Жили мы тогда в военном городке на Урале. Вокруг тайга, глушь. Но для первоклассника какая разница, где жить? Учились, бесились после уроков. Я тогда отличником был. И она тоже. Нас сфотографировали вместе на доску почета. Она в темной школьной форме, белый воротничок, косички, бантики… Я эту фотографию до сих пор храню. А тогда засыпал с ней. Пока не посмотрю на Валю — заснуть не могу. Я подолгу с фотографией разговаривал перед сном. А однажды мы куда-то шли парами, взявшись за руки. Я с Валей шел — отличники шли первыми. Рука у нее была теплая, мягкая. Я чуть не умер от счастья, пока мы шли. С тех пор женские руки для меня очень много значат. Лицо, грудь, ноги, попа — это прекрасно, но руки для меня важнее. Взял за руку — считай, предложение сделал, в любви объяснился. Вот так первая любовь на всю жизнь повлияла.
— Пушкин как-то сказал, что «кто раз любил, уж не полюбит вновь».

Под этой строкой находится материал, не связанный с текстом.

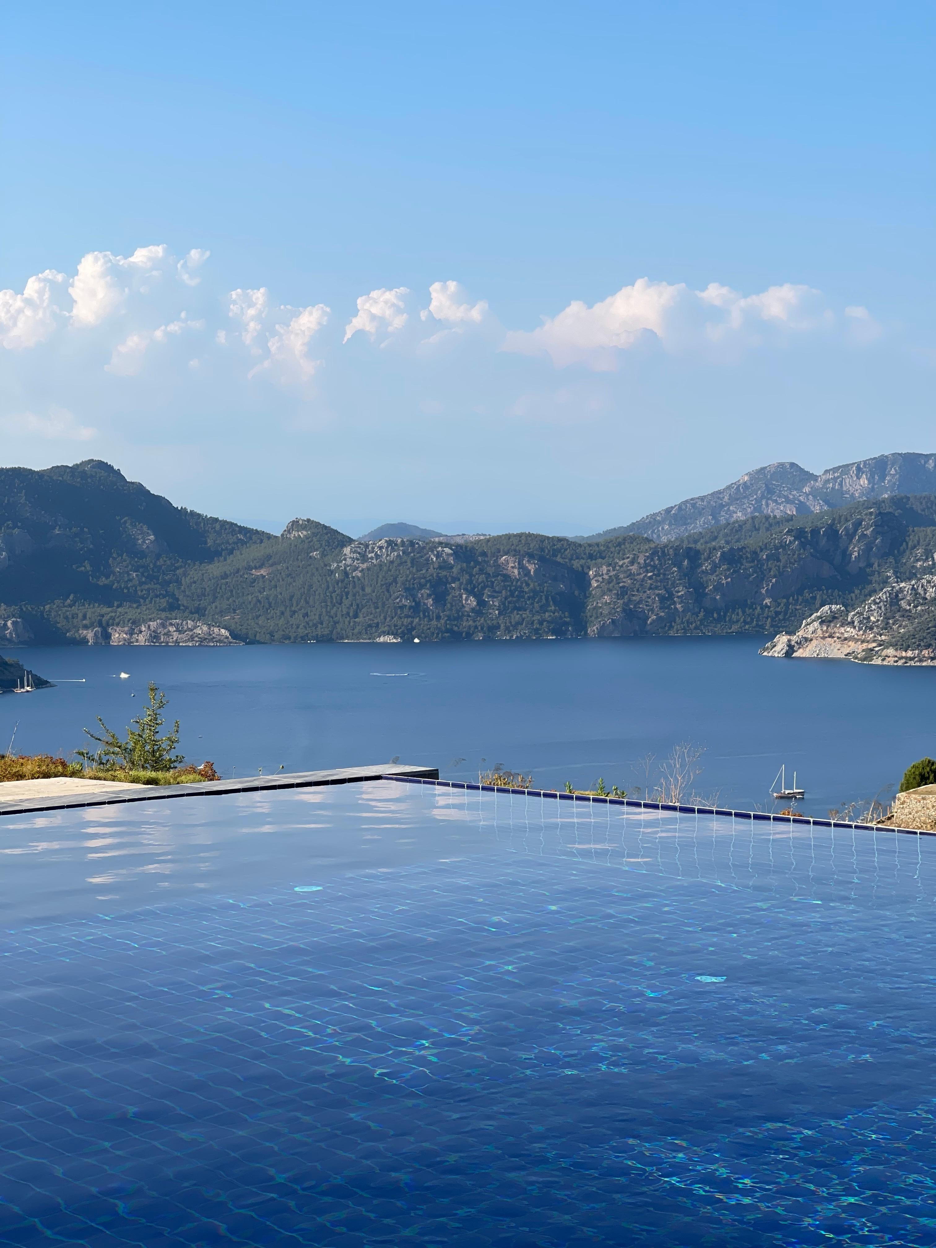 Guests soak up sunshine by the infinity pool with stunning views at this Turkish retreat where hospitality makes everyone feel right at home

— Это не так. Люблю стихи и прозу Пушкина, очень его уважаю, но почему мы должны верить всем высказываниям классиков? Тем более, вырванными из контекста. Пушкинская строчка появилась в стихотворении:
Не спрашивай, зачем унылой думой
Среди забав я часто омрачен,
Зачем на все подъемлю взор угрюмый,
Зачем не мил мне сладкой жизни сон;
Не спрашивай, зачем душой остылой
Я разлюбил веселую любовь
И никого не называю милой —
Кто раз любил, уж не полюбит вновь;
Кто счастье знал, уж не узнает счастья.
На краткий миг блаженство нам дано:
От юности, от нег и сладострастья
Останется уныние одно…
Тут можно спорить с каждой строкой. Бывает, конечно, такое настроение, напишешь грустное, а завтра встретишь ЕЁ и родятся совсем другие строчки.
Как рождаются строчки
И так могло быть
Есть писатели, которые прекрасно пишут дневники. Они типа акынов. Что увидели, то и написали. Иногда гениально.
А есть писатели с полетом мысли, с фантазией неуемной. Читаешь и думаешь, я бы так не смог.
А потом еще подумаешь и поймешь, что смог бы. Ведь все написанные правдивые истории не совсем правдивы. Это не фотографии, а картины. Где-то можно веснушки убрать, где-то солнцем брызнуть, в углу зелененького добавить. А еще можно пару ангелочков подрисовать. А потом…
Бедная реальность. Она бы себя не узнала.
— А чо? — сказал художник. — Я так вижу!
— Вот именно! — сказал писатель. — Ведь и так могло быть.
— И когда ты решил писать?
— Представь подмосковную дачу около Голицына. Сидел с дочкой, говорить о великом не с кем, к огородным проблемам остыл, формулы не писались. И как-то вечером подумал о возможном конце света. Вернее, о репетиции Армагеддона, который может устроить Всемирный разум. Решил написать об этом повесть. Стоял август и первые строчки были о погоде. Небо, дескать, было не синим и прозрачным, как это обычно бывает в августе, а белесым и душным. Ну а дальше в стиле акына. Действие повести в Москве, в домах, которые я знал. Герои повести — мои знакомые. Само собой, где-то солнцем брызнул, зелененького в углы добавил, у девушек веснушки убрал… Получился ужас, который был убран на полку и забыт.
— Мечта стать писателем не осуществилась?